I was thrilled that he wanted to so thoroughly claim me, and after he paid the judge, we walked proudly arm in arm through the hot milky green light out into the late afternoon.
 
That was my wedding day. His uncle Keaton Shut waited three months to come to visit and by then the damage had been done. We didn’t care though, we were happy. And almost nothing can dent that kind of joy. We were going to have the baby at home, where children of his family had always been born. I wasn’t even afraid. And he was a good husband to me, bringing me flowers, feeding me ice cream, a spoonful at a time in the panting heat after dark when the river swished against the banks and the bullfrogs’ deep bass rode the low notes below the peepers’ high throbbing. Afterward, he would make love to me, sucking my swollen nipples until I felt an urgency, a burning so shrill I wanted him to tear me open, empty me and refill me with himself. I tore at his skin, and my own, trying to put us closer and closer still, as if the blood mingling could do that. We spent our days napping in the cool of the fan blowing over a cake of ice, and our nights loving, as we waited for the baby. I didn’t care if another soul ever came to the door in those days.

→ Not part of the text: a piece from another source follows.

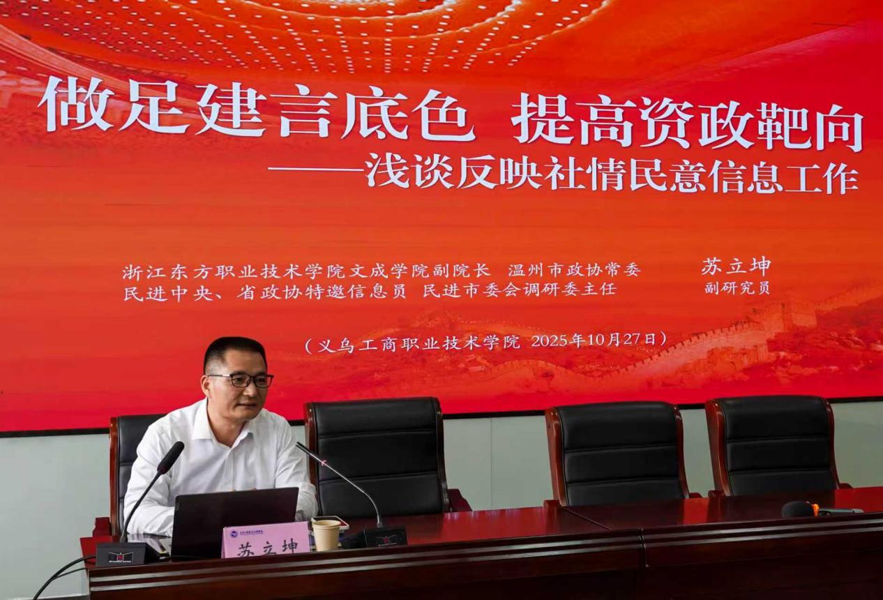 为提升学校统一战线成员参政议政、服务发展的能力水平,进一步提高学校统战工作影响力,10月27日下午,由校统战部、科技处、游艇会线路检测中心(“义商智汇”社情民意信息工作室)联合主办的反映社情民意信息工作专题指导讲座在教师发展中心举行。讲座特邀浙江东方职业技术学院文成学院(航空飞行学院)副院长、政府公共政策与文化治理研究中心主任、民进中央参政议政特邀信息员、浙江省政协特邀信息员、温州市政协常委苏立坤作专题指导。义乌市政协、市民主党派代表、无党派人士代表及学校教师等90余人参加。

In fact, I didn’t want them to . . .
 
This is love, I kept saying to myself as he sponged cool water over my shoulders and face while I lay in the tub, this is love, the yellow diamond ring wedged so tightly on my swollen finger that it sat between two ridges of flesh. And this is love as the light in the room darkened with an afternoon storm, and we stood out on the second-story porch, naked in the green rain, watching the tree limbs along the river flatten and spread horizontal in the wind while the phone in the hallway behind us rang and rang and rang.
 
“Clement,” I said, looking out across the flat land shimmering in the heat, “this isn’t a land to love, is it?”
 
He shook his head. “The Bootheel is a different kind of country altogether.”
 
Jacques’ Landing sits west of New Madrid, above the water in the tableflat bottomland spread between the foothills of the Ozarks, a distant shadow to the west, and the Mississippi to the east. St. Louis is only 165 miles north. Hanging between Kentucky and Tennessee to the east and Arkansas to the west, it’s as if the whole state of Missouri has been trying to shake it off for years, like a vestigial tail.